Sunday, October 24, 2021

Band finds itself bowl bound

December 7, 2001

After days of uncertainty, university officials confirmed Thursday that the 300-member Spartan Marching Band will travel to the Silicon Valley Football Classic in San Jose, Calif.

“We are pleased that the band will be going to the bowl,” MSU President M. Peter McPherson said. “Obviously, the members of the band want to do this, and after looking through the figures we are pleased that they would go.”

University spokesman Terry Denbow said the full band will travel to the game, which pits MSU against No. 19 Fresno State on Dec. 31.

“The bottom line is that it’s an investment to help the momentum of the football program,” Denbow said. “Plus it will give the university a significant presence in California - a state that has plenty of MSU alumni.”

Band director John Madden asked band members to refrain from talking to the media and was not available for comment Thursday.

The football team will arrive in San Jose for its first practice at San Jose State’s Spartan Stadium on Dec. 26. The band will arrive two days later and stay through Dec. 31.

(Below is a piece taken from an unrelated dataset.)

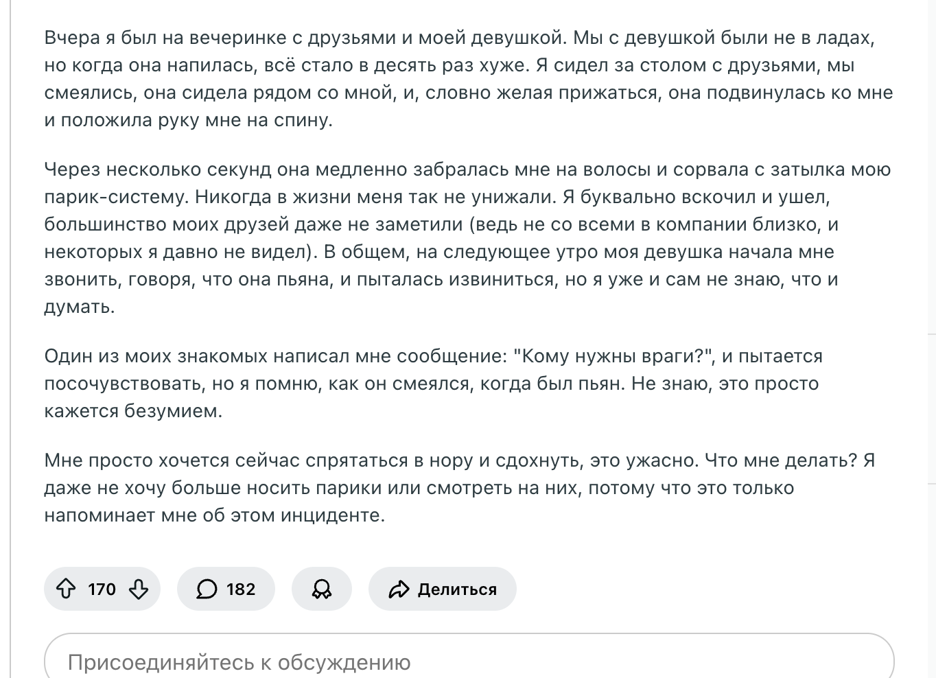 Как поживает анон который ходил с париком и хотел к себе девушку пригласить ? Помню многие писали , что какой будет стыд , если во время секса парик спадет .

Although the school expects to lose money on the trip - similar to the 1997 Jeep Aloha Bowl, which cost the university $310,000 - MSU is willing to foot the bill for the band to participate, Denbow said.

“I expect that there will be some losses in connection to this bowl, which will be incurred by the athletic department,” McPherson said. “The athletic department budget at Michigan State is separate from the rest of university. I think it is important to maintain that separation. That is why financial issues are always difficult.”

MSU trustees Robert Weiss and Dee Cook said they support the decision to have the entire band travel to the game, despite budget constraints.

“The band is part of presenting the university in the best light,” Weiss said. “We have been to bowls where the band has been involved, and they make the difference.”

Significant cutbacks in the number of school officials and guests traveling to the bowl are helping MSU stretch its bowl budget to afford to send the band.

“I am thrilled because the band is part of the whole experience - they add a lot of color, and it is a great experience for them,” Cook said. “I’m happy they have been able to work the numbers and limit the official party to the point where the band will go.”

But MSU is still preparing for a profit loss, despite the fact it will earn $750,000 for playing in the game and receive some financial help from the Big Ten, the university announced Thursday.

The conference said it will give the university $273,000 to help pay for the $300,000 corporate sponsorship fee MSU agreed to pay when it accepted the bowl bid, Denbow said.

Five other schools - Illinois, Michigan, Ohio State, Purdue and Iowa - will also make bowl appearances this year, and Denbow said each will receive financial help from the Big Ten.

MSU also has to pay $250,000 in ticket fees for the 5,000 tickets allotted to the athletic department for sale.

But in the future, sending the band to major events may not be as costly. The MSU School of Music and the athletic department have developed a partnership to begin a fund-raising plan for future band travel, Denbow said.

Staff writer Eric Morath contributed to this report.